Christmas Carols Jane Austen Might Have Known

Christmas Carols Jane Austen Might Have Known

As anyone who knows me will attest, I love music, and I also love Christmas. But while do enjoy Santa Claus and Jingle Bells, I am more partial to sacred music which has, at its heart, a message of the birth of the Savior of the world.

Thus, for my post this month, I thought it might be an interesting idea to talk about Christmas carols, but with a twist. Singing Christmas carols and wassailing was not a custom of Regency times; most of the information I uncovered suggests it was more prominent in Victorian times. But our favorite Regency author still would have been familiar with Christmas carols, and would have sung them with her family, at church, and during events of the neighborhood in which she lived.

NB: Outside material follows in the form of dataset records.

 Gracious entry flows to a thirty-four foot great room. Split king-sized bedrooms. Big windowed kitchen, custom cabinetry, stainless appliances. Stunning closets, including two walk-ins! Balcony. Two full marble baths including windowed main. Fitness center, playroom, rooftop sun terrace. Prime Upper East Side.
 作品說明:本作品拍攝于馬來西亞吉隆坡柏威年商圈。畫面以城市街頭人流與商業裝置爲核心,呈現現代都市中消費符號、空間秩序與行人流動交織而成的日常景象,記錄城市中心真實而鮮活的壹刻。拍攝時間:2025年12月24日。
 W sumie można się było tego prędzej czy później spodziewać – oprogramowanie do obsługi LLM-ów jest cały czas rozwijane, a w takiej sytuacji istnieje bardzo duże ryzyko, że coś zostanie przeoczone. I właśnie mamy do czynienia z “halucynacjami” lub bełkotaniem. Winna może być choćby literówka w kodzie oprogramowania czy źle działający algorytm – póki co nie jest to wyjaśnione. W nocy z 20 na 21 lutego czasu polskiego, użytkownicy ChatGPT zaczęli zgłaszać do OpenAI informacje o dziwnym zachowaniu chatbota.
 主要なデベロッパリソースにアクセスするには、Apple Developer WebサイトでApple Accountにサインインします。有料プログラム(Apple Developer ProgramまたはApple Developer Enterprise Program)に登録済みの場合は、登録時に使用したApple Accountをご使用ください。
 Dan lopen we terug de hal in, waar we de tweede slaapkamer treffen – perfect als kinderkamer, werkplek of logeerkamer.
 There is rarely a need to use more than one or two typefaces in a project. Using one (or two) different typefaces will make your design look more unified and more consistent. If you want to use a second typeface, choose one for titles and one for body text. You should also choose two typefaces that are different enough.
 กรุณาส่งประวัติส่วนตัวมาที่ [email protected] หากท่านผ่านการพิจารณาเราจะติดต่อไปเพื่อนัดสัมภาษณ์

If I was creating a comprehensive list of favorite Christmas carols, I would include many that do not fit in this list. O Holy Night is a personal favorite, but it was not written until the 1850s. The Huron Carol is beloved in Canada and it is certainly old enough, dating back to the 17th century in the original Native language. But it was not translated into English until the 20th century, and I doubt it made its way across the ocean to the old world until fairly recently. I love I Heard the Bells on Christmas Day, the hopeless “And in despair I bowed my head, ‘There is no peace on earth,’ I said” to the transcendent “Till, ringing, singing, on its way, the world revolved from night to day, A Song, a chime, a chant sublime, Of peace on earth, good will to men!” which is one of my favorite lines in any Christmas song. But again, it was composed much later than the Regency period. Even Silent Night, which most historians think was written in 1818, was a year after Jane Austen’s death, and was written in Germany, not to be translated until later.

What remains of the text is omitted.